* Carlos E. R. <robin.listas@telefonica.net> [03-22-19 14:33]:
On 22/03/2019 17.40, Patrick Shanahan wrote:
* Carlos E. R. <> [03-22-19 07:21]:
On 21/03/2019 21.23, Patrick Shanahan wrote: [...]
if that fails, the system does not boot and no yast ... ???
Ah.
Boot from rescue image, then mount the old partitions /somewhere, chroot to that, run yast there (text mode probably).
Before doing the actual chroot you need to mount bind /proc, /sys, /dev, etc:
mount --bind /proc /otros/test_a/proc mount --bind /sys /otros/test_a/sys mount --bind /dev /otros/test_a/dev
*** running system ********** system under repair
proc,sys,dev from the machine system, not the rescue image?
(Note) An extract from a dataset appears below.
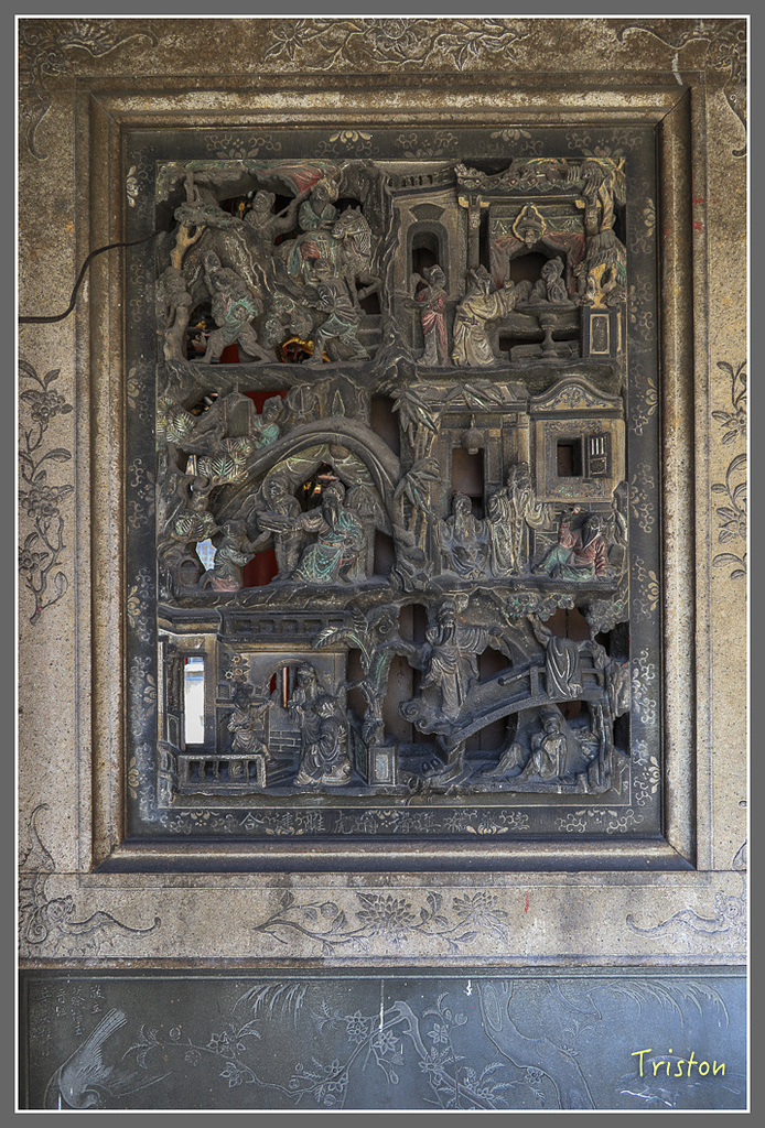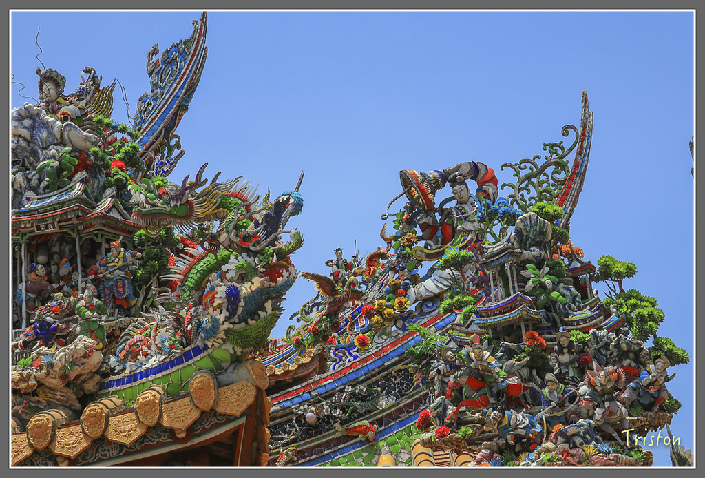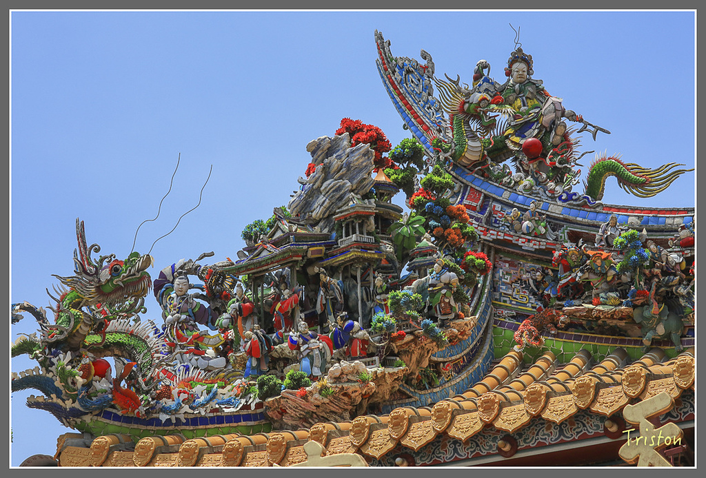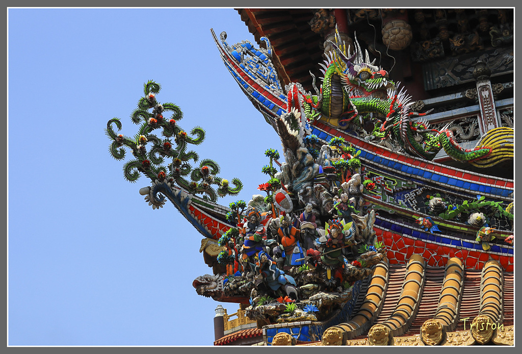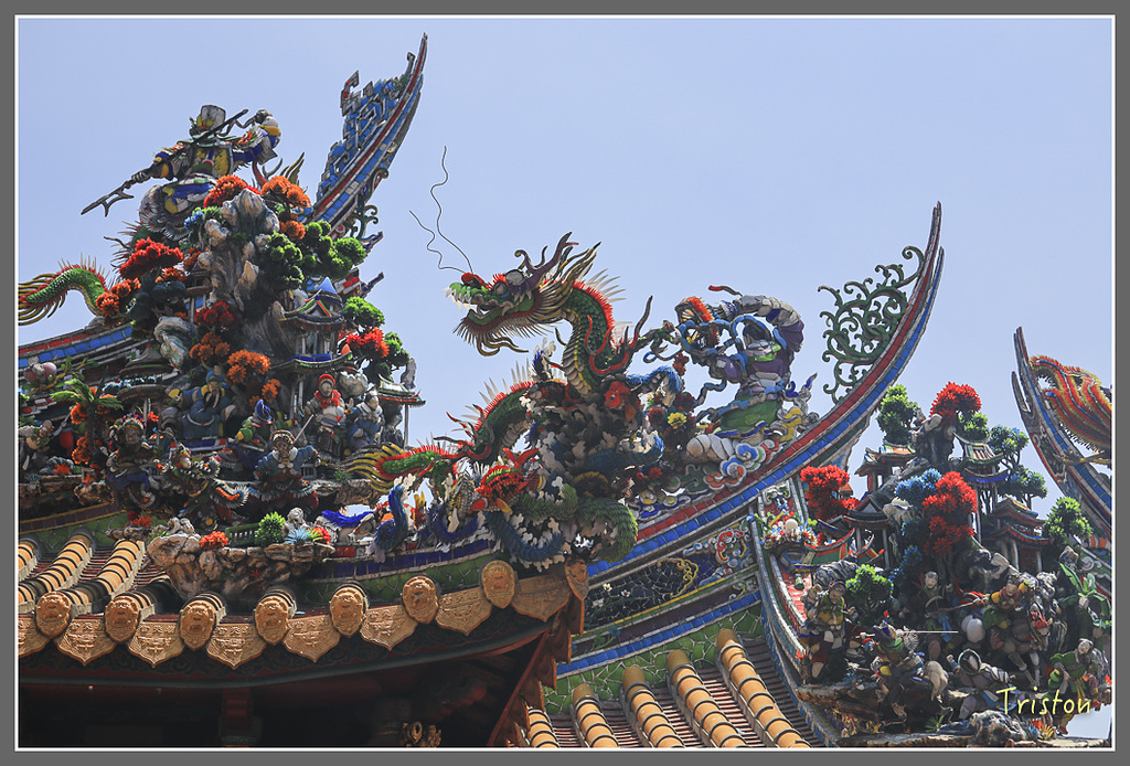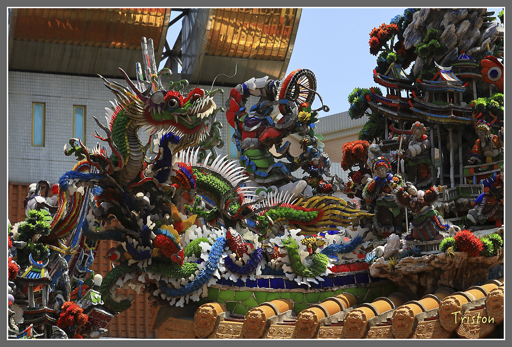 三川殿龍堵,其上剪黏是江清露在1963年的作品,江清露師從洪坤福,作品大多在台灣中部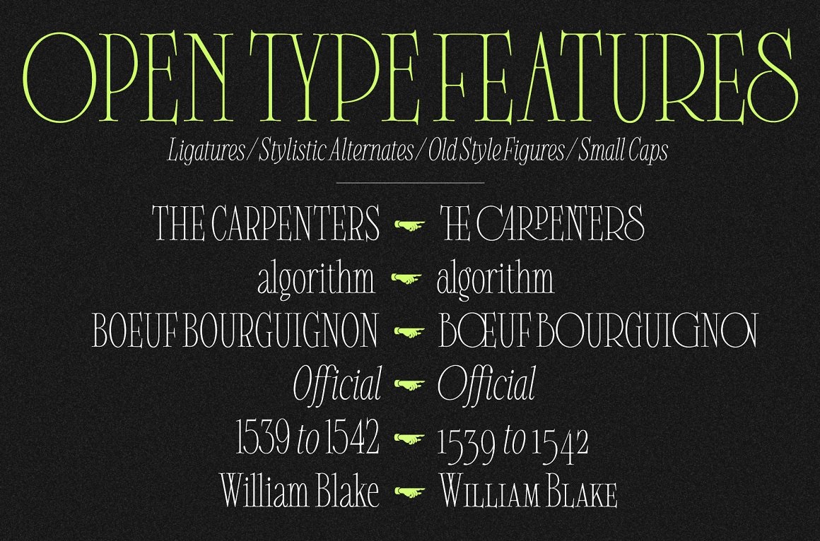 970 Glyphs total; True Italics; Open Type Features as stylistic alternates, ligatures, old style / tabular / fraction / superior figures, manicules and small caps; Multilingual (Include alternates)

The "broken system" gets to see the rescue image directories as if they were its own, because they being virtual filesystem they will have nothing there. They will not match exactly what it expects to see, but usually it works.
There are files that might confuse the chrooted system, like mtab or network settings. In that case you will see messages about some error or other.
This trick can be used for other things, like running zypper dup on another partition that is not the actually running one :-)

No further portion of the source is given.